This is a deeply impressive novel. It is exquisitely crafted: the pace is measured, but sure; the metaphors are used delicately; and the control over perspective (shifting between first person, tight third person, and loose present-tense third person for the three different timelines) is both absolute and absolutely necessary to the emotional arc being told. It is a novel to mull over, savor.
It is also an incredibly intense experience, or at least it was for me. I read it slowly partly so that I could admire Griffith's work, but mostly because reading it for more than half an hour at a time left me introspective and melancholy. There is a great deal of pain in the novel, and the carefully distanced prose makes it all the easier for the reader to fill in the blanks. For all the science fiction trappings (and they are many, from the cyberpunk-ish (but mostly irrelevant) identity hacking to the bioremediation science that furnishes much of the plot and much of the imagery) this story is about trauma, and surviving trauma, and then surviving your survival tactics. It's about ethics, and class, and identity, and monsters that come in human shape. It's vaguely dystopian without being political, and it's about corporate espionage while refusing to forget that corporations are anything but faceless.
I can't say I loved the book; it was far too emotionally hard for that. It left me unsettled and totally drained, and I don't know that I would ever read it again. But I will certainly be picking up everything else Griffith ever writes.
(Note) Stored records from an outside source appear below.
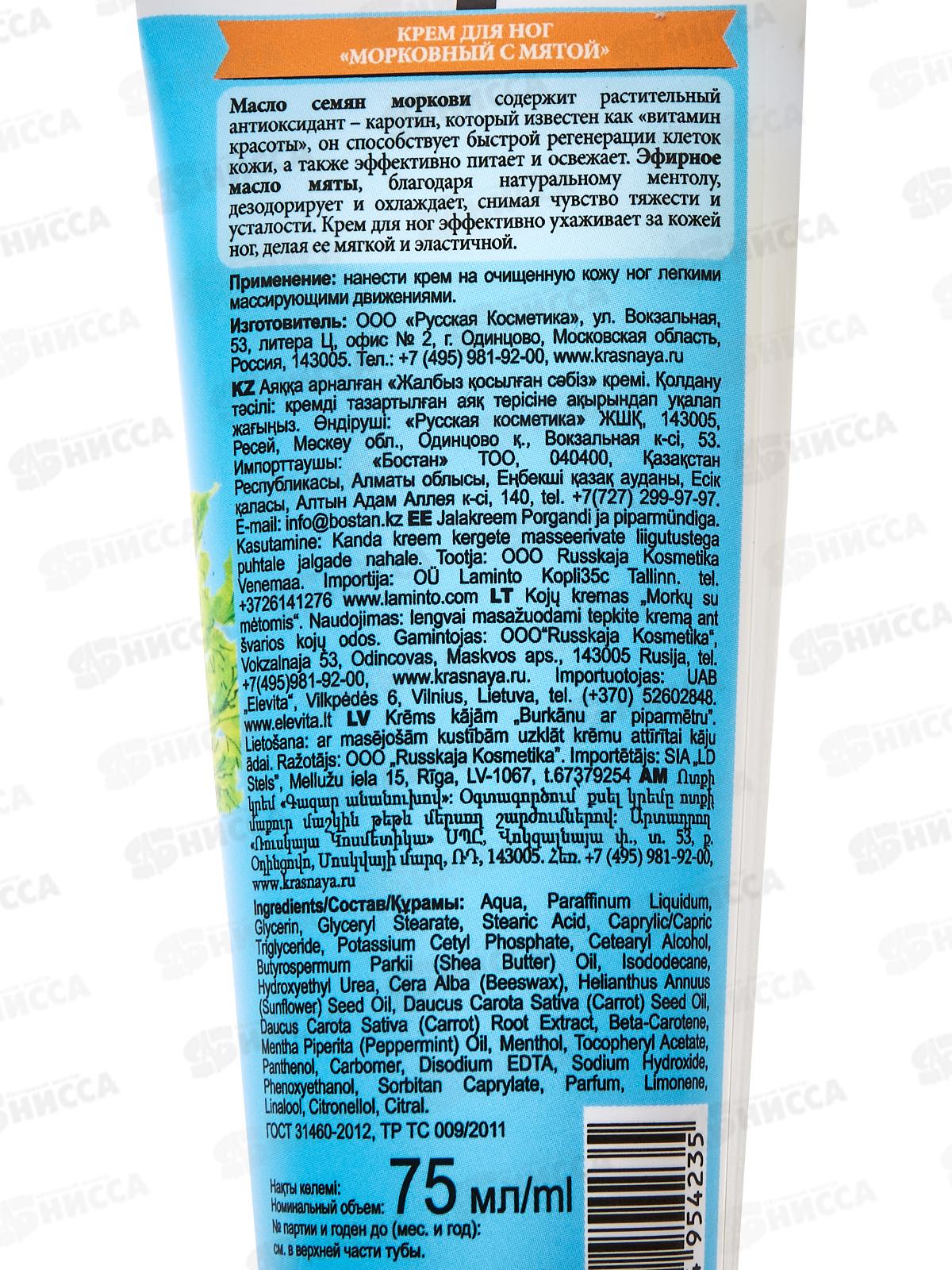 Бабушкина Аптека Крем для ног морковь с мятой 75мл *24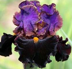 Ирис высокий бородатый Cher and Cher Alike (Чер энд Чер Элайк). Стандарты синие с аметистовым оттенком, обрамлены тонкой золотой каймой. Фолы чернильные, бархатные. Бородка рыжая. Красивый, мерцающий, меняет цвет в зависимости от времени суток. Очень красивая гофрировка. Срок цветения средне-поздний. высота 97 см.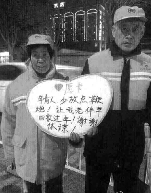 4日,一张呼吁少放鞭炮的图片在网络疯传,图片中的主人公是一对环卫工人夫妇,两人站在街头,手举一张心形卡片,上面写着“年青人,少放点鞭炮!让我老伴早回家过年!谢谢体谅!”

This gritty and beautiful book should become a cult classic if it is not already. The author does you the kindness of assuming you know how this future world works, and skips the nerdy explanations to jump right into an intriguing spy/detective story. Total immersion into a polluted future that is centered around the world's water supply, told from the perspective of a gay rich girl who is forced to become someone else. I am not sure I will swap this out before I read it another time.